Thanks for your very moving rendition.
Roger
-----Original message-----
From: "keely emerinemix" kjajmix1 at msn.com
Date: Thu, 21 Dec 2006 01:14:43 -0800
To: vision2020 at moscow.com
Subject: [Spam] [Vision2020] reflecting on what it's all about

> 
> I'm writing this with a heavy heart and tears streaming down my cheeks, and 
> I know that I'll wake up tomorrow and wonder if I should be embarrassed or 
> apologetic -- I'll wonder if I messily poured my heart out in an entirely 
> inappropriate setting, just because of grief that right now floods my whole 
> being, or if I've written because my grief offers something that may 
> encourage or touch anyone reading it.  I don't know; I doubt that I really 
> will.  Still, please accept my apologies if what I write offends you, and 
> know that it wasn't my intention.  The morning may reveal that I've been 
> maudlin and sloppy, but not deliberately cloddish or grating.
> 
> All of us have seen the "Jesus -- The Reason For The Season!" signs, 
> buttons, and bumperstickers that pop up this time of the year, and while I 
> absolutely affirm the sentiment, I cringe at the form of expression it 
> takes.  The birth of Jesus, for the Christian, is what we celebrate on 
> December 25 with carols, gifts, food, worship, friends and family -- no "war 
> on Christmas" can change that, and it isn't lessened at all by acknowledging 
> and celebrating Hanukkah, Kwanzaa, or just general feelings of goodwil this 
> time of year.  Still, I have a rough time with "WWJD?" bracelets, "Jesus is 
> the Reason" pins, and anything else mass-produced at profit, even by sincere 
> believers.   Like most profound, deeply held beliefs, the idea of Jesus 
> taking on human flesh as God Incarnate loses a little something when 
> expressed via a candy cane-festooned broach on the sweater of a Wal-Mart 
> clerk, and I doubt that I'm the only one whose belief in the sentiment 
> struggles to keep it elevated in the midst of holy kitsch.  But Christmas 
> and what it means does matter -- to me as a Christian, but also, I'm 
> convinced, to a sin-soaked world desperately in need of the love offered by 
> Jesus.  And this evening, why it matters, and why I care so deeply about the 
> Gospel and its presentation on the Palouse, was made clearer to me than I 
> can ever remember.
> 
> We got a call this evening from an old friend of ours, a former neighbor in 
> Snohomish who has been part of our lives for the entire 22 years of our 
> marriage, even longer for my husband, who was adopted by them, in a sense, 
> when he first began scratching out space for a greenhouse on five densely 
> forested acres there almost 30 years ago.  Don told us that his grandson, 
> Dana, had died suddenly and without apparent cause Dec. 14.  It hit us hard, 
> in the way that bad news drains the oxygen out of your body and leaves a 
> jarring, iron-like grip around your gut.  Dana was only 30.  He was part of 
> our lives since he and his sister were preschoolers, and in some ways Jeff 
> and I parented those two kids long before we had children of our own.  Dana 
> and Monique were part of the tapestry woven in our first decade together as 
> a married couple, and even when they grew up, we never lost touch.
> 
> Dana never knew his father.  His grandfather, our friend, is an alcoholic.  
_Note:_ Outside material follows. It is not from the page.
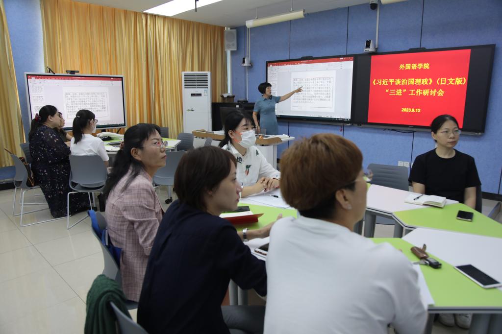 为进一步推进“三进”工作向纵深发展,增强公司全体教师的政治敏锐性和业务水准,改革创新教学形式,盘活外语专业思政教学资源,suncitygroup太阳新城于9月12日下午在晶博楼智慧教室和未来教室召开《习近平谈治国理政》(英日德文版)“三进”工作研讨会。研讨会由各教研室主任主持,公司全体教师参加。

> His mother veered from booze to boyfriends like a punching bag on a 
> too-loose spring, occasionally knocking over any semblance of structure the 
> children had managed to construct.  His beloved uncle was murdered when Dana 
> was only 12, and Dana himself was molested by another family acquaintance.  
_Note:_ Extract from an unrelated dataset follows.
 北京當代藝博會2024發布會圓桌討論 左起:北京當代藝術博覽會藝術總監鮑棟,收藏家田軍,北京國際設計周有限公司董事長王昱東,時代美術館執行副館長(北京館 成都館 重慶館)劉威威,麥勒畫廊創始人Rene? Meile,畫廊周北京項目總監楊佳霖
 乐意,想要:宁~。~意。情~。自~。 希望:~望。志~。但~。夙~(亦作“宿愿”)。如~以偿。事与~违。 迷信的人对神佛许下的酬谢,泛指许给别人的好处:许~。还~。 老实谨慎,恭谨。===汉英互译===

> He ended up doing what everyone pretty much knew he would -- he turned to 
> violence, petty crime, and drugs, and his course in life seemed pretty much 
> set.  Dana Hendrix was, in the eyes of the world, the least of "the least of 
> these," and that was just the way it was.   God knows Dana got the message, 
> and often from "religious" people who knew better, knew more, and knew best. 
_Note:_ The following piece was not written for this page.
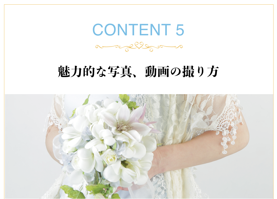 サンプルをつくったときと同じ花材が用意できないこともあります。そんなときは事前に、「写真はイメージです。イメージから逸脱することはありませんが、一部の花材は変わることがあります。」とレッス紹介文に記載しておきましょう。そうすればクレームにはなりません。また、通信講座は一人ひとりがお互い、見比べることもないので、花材や素材も、全員同じでなくてもOKです。

>   It was enough for them to "just know" about Dana, without the invariable 
> messiness of actually knowing him.
> 
> But Dana came to see that Jesus Christ knew him, loved him, died for him, 
> and had a plan for him.  He began to go to church; then, he grabbed ahold of 
> God and never let ago.  He fell -- many, many times -- and then he got back 
> up, because his heart had new life that nothing could extinguish.  He   got 
> clean, studied the Bible, married and fathered five children.  He worked 
> hard, played hard, and laughed like a chorus of angels.  He knew he had been 
> ransomed, redeemed, renewed -- he knew nothing about presbyteries and 
> Calvinism, nothing about postmillennialism and the Reformation, nothing 
> about egalitarianism or patriarchy, and he didn't know that he didn't know.  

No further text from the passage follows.